Implement authorization. Before performing reads or writes on assistants, threads, messages, and files, ensure that the end-user is authorized to do so.
Restrict Azure OpenAI resource and API key access. Carefully consider who has access to Azure OpenAI resources where assistants are being used and associated API keys.
Routinely audit which accounts/individuals have access to the Azure OpenAI resource. API keys and resource level access enable a wide range of operations including reading and modifying messages and files.
Enable diagnostic settings to allow long-term tracking of certain aspects of the Azure OpenAI resource's activity log.

Parameters

The Assistants API has support for several parameters that let you customize the Assistants' output. The tool_choice parameter lets you force the Assistant to use a specified tool. You can also create messages with the assistant role to create custom conversation histories in Threads. temperature, top_p, response_format let you further tune responses. For more information, see the reference documentation.

Context window management

Assistants automatically truncate text to ensure it stays within the model's maximum context length. You can customize this behavior by specifying the maximum tokens you'd like a run to utilize and/or the maximum number of recent messages you'd like to include in a run.

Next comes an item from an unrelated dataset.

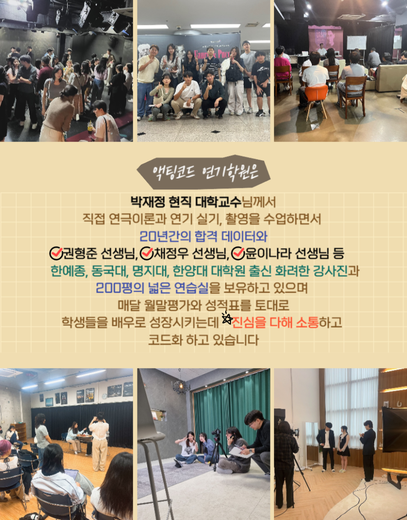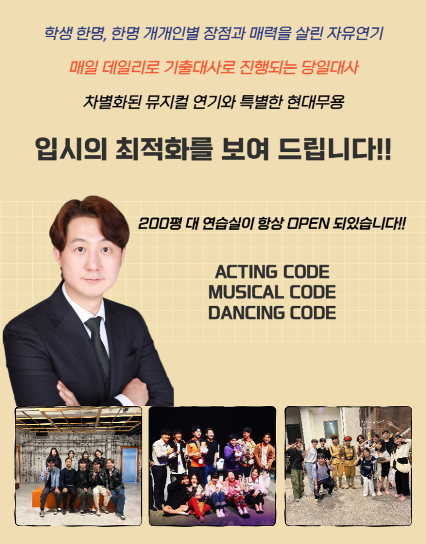 글보기제목액팅코드 소개 -연기학원 액팅코드 연기학원을 소개합니다. since .20202025-12-06 11:59카테고리공지사항작성자actingcode 태그 목록 댓글 [0] 더보기이전영상프로필 대회2025-12-06다음2026학년도 연극영화과 / 뮤지컬과 / 예고 합격자 모집2025-12-06 Powered by MangBoard | 망보드 스토어

Max completion and max prompt tokens

To control the token usage in a single Run, set max_prompt_tokens and max_completion_tokens when you create the Run. These limits apply to the total number of tokens used in all completions throughout the Run's lifecycle.

For example, initiating a Run with max_prompt_tokens set to 500 and max_completion_tokens set to 1000 means the first completion will truncate the thread to 500 tokens and cap the output at 1,000 tokens. If only 200 prompt tokens and 300 completion tokens are used in the first completion, the second completion will have available limits of 300 prompt tokens and 700 completion tokens.

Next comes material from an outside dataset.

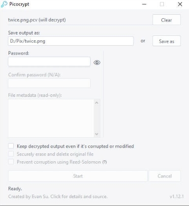 6. Расшифровать тем же способом. Запускаем Picocrypt → перетаскиваем в окно зашифрованные файлы → вводим пароль → жмём Start.

If a completion reaches the max_completion_tokens limit, the Run will terminate with a status of incomplete, and details will be provided in the incomplete_details field of the Run object.

When using the File Search tool, we recommend setting the max_prompt_tokens to no less than 20,000. For longer conversations or multiple interactions with File Search, consider increasing this limit to 50,000, or ideally, removing the max_prompt_tokens limits altogether to get the highest quality results.

Truncation strategy

You can also specify a truncation strategy to control how your thread should be rendered into the model's context window. Using a truncation strategy of type auto will use OpenAI's default truncation strategy. Using a truncation strategy of type last_messages will allow you to specify the number of the most recent messages to include in the context window.